What I can tell you is this. A lot of my “must-do tasks” can be broken down into three categories; the A.B.C.’s of surviving parenting a child with special needs and/or complex medical issues.


A = ASSIGN: What can my child do on his/her own? What are some tasks – or some parts of the task – that s/he may be able to complete on their own? What can a spouse, sibling, grandparent, neighbor, or in-home nurse help with?

Example: My husband and I share dinner duty. When one of us cooks, the other will use that time to do other things that will lighten that evening’s load. Sometimes, we just leave the house so we don’t lose our ever-lovin’ mind. (And that’s okay too!)
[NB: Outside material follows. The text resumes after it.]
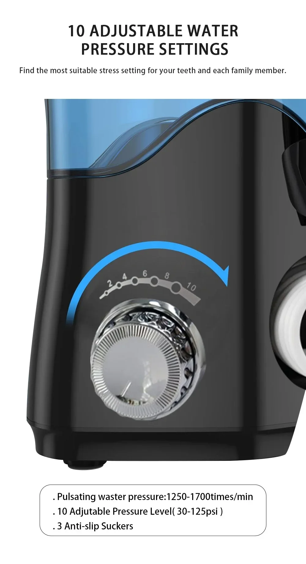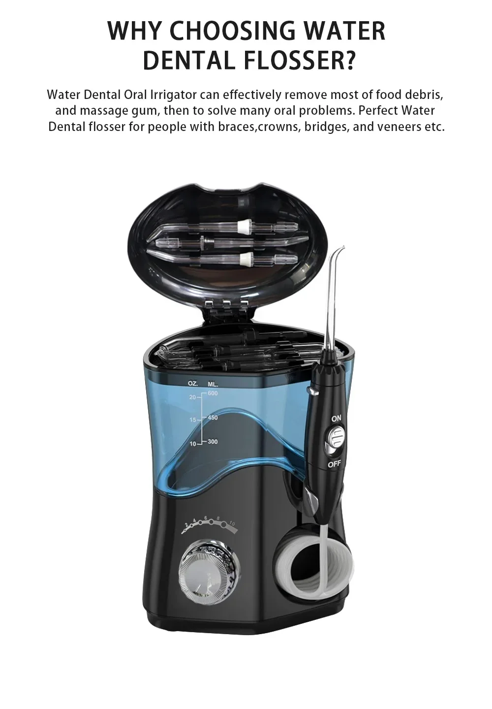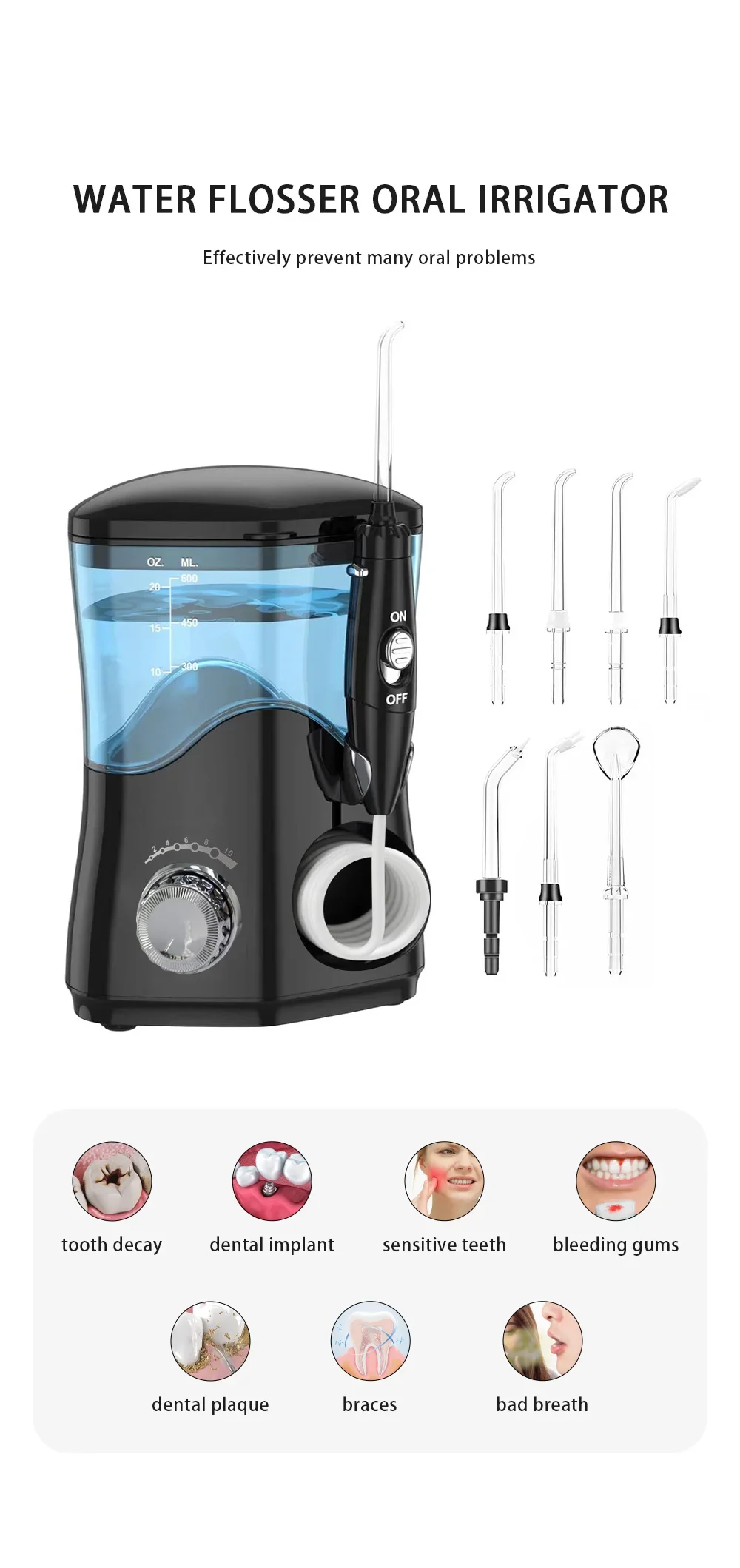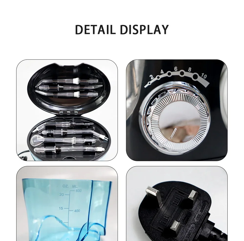 Hydropulseur professionnel 600ML avec 7 buses, irrigateur buccal à haute impulsion pour le blanchiment des dents, les accolades, les Implants, soins des gencives portables

We also have our children do chores, even our youngest who has muscular dystrophy. He’s to the point in his disease where he’s unable to bend over so he empties the top rack only. We have moved things around in our kitchen to spots that he can reach. Even if he can’t do a complete chore, we have him do what he can because (1) he needs to be needed and useful (even if he doesn’t consciously know that) and (2) just because he is disabled doesn’t mean he isn’t useful or won’t be a contributing member of this family.


B = BATCH: What can be completed in batches? What can you do on certain days or at certain times that are more convenient for you?

Example: Sundays are medicine, injection, and equipment days. My son takes 18 pills a day. He has a cough assist and a BiPAP. So on Sunday afternoons, I refill that week’s meds into (what my son calls) his old-man pill dispenser. While I’m filling that week’s meds, I take note of any that have less than 2 weeks worth of doses remaining. I then use Monday mornings to order the necessary meds and/or verify they are scheduled to ship on time. That way, I know I don’t have to worry about medicine the majority of the week. It’s not even a thought.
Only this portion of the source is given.